Exactly as written, print every line of the listing below and omit its pictures.

» Available data
================

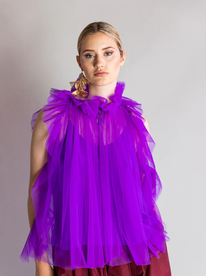 Presenta detalles de volantes que añaden un encanto delicado y sofisticado al diseño. Sin mangas y con un cuello ruffle, este top ofrece una silueta femenina y moderna.Confeccionado en tul de alta calidad, este top es ligero y suave al tacto, brindando comodidad durante todo el día.
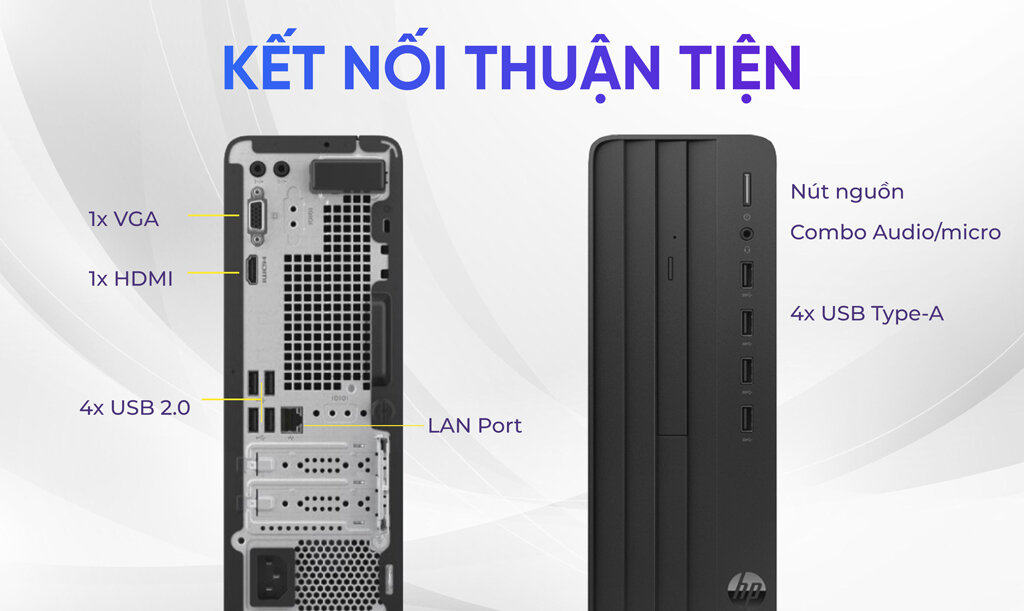 PC HP 280 Pro G9 SFF (9H1S5PT) tich hợp các cổng kết nối tiêu chuẩn thường thấy ở các bộ máy đồng bộ hãng: VGA, HDMI, RJ-45, USB,....Người dùng có thể kết nối với các thiết bị ngoại vị khác.
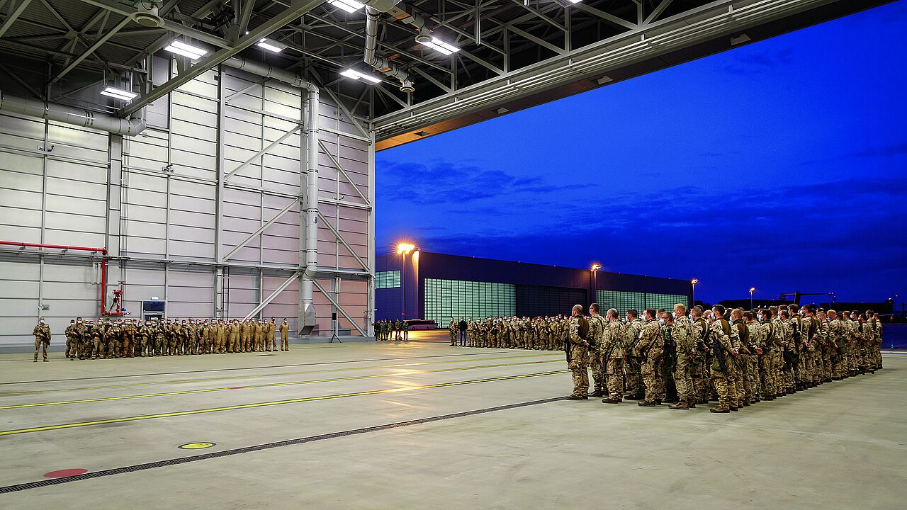 Soldaten der militärischen Evakuierungsoperation Afghanistan sind nach der Ankunft in einer Halle auf dem Fliegerhorst Wunstorf am 27. August 2021 angetreten. Foto: Bundeswehr/Neumann
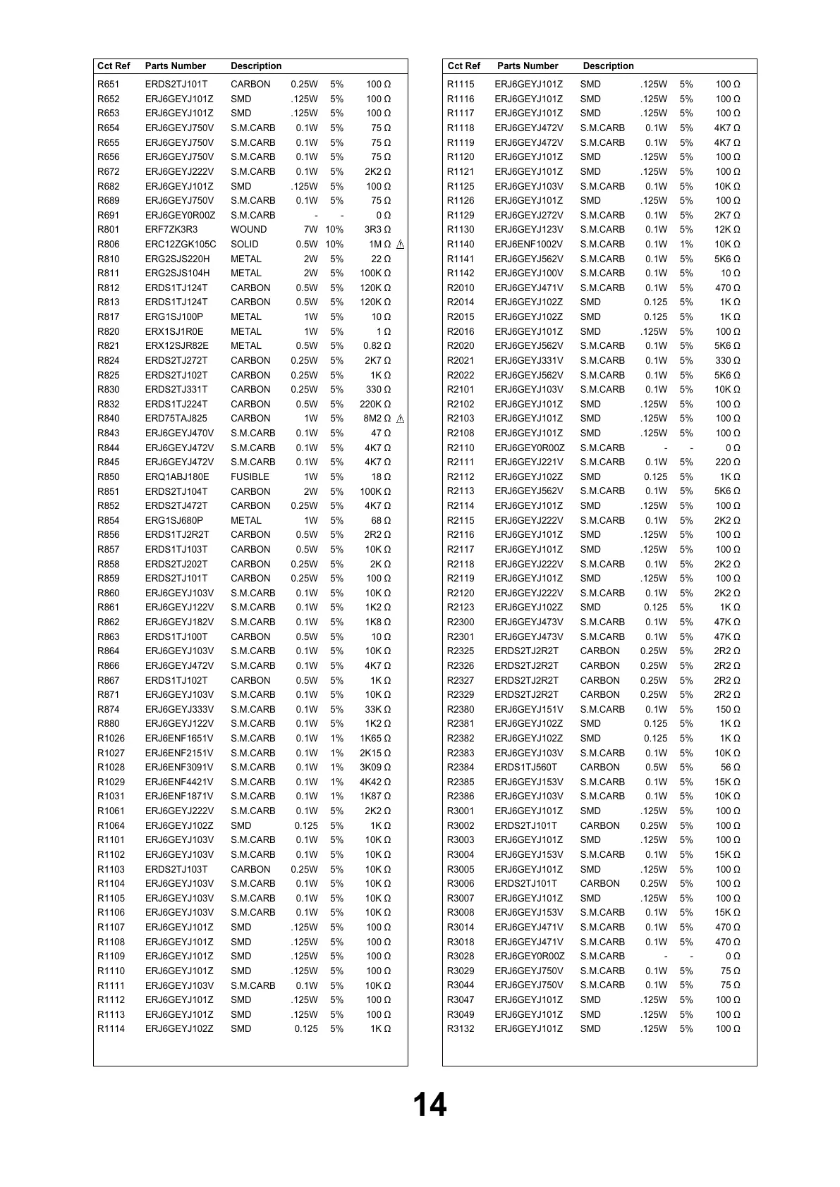 DescriptionCct Ref Parts Number DescriptionCct Ref Parts Number

================

» Response area
 Presenta detalles de volantes que añaden un encanto delicado y sofisticado al diseño. Sin mangas y con un cuello ruffle, este top ofrece una silueta femenina y moderna.Confeccionado en tul de alta calidad, este top es ligero y suave al tacto, brindando comodidad durante todo el día.
 PC HP 280 Pro G9 SFF (9H1S5PT) tich hợp các cổng kết nối tiêu chuẩn thường thấy ở các bộ máy đồng bộ hãng: VGA, HDMI, RJ-45, USB,....Người dùng có thể kết nối với các thiết bị ngoại vị khác.
 Soldaten der militärischen Evakuierungsoperation Afghanistan sind nach der Ankunft in einer Halle auf dem Fliegerhorst Wunstorf am 27. August 2021 angetreten. Foto: Bundeswehr/Neumann
 DescriptionCct Ref Parts Number DescriptionCct Ref Parts Number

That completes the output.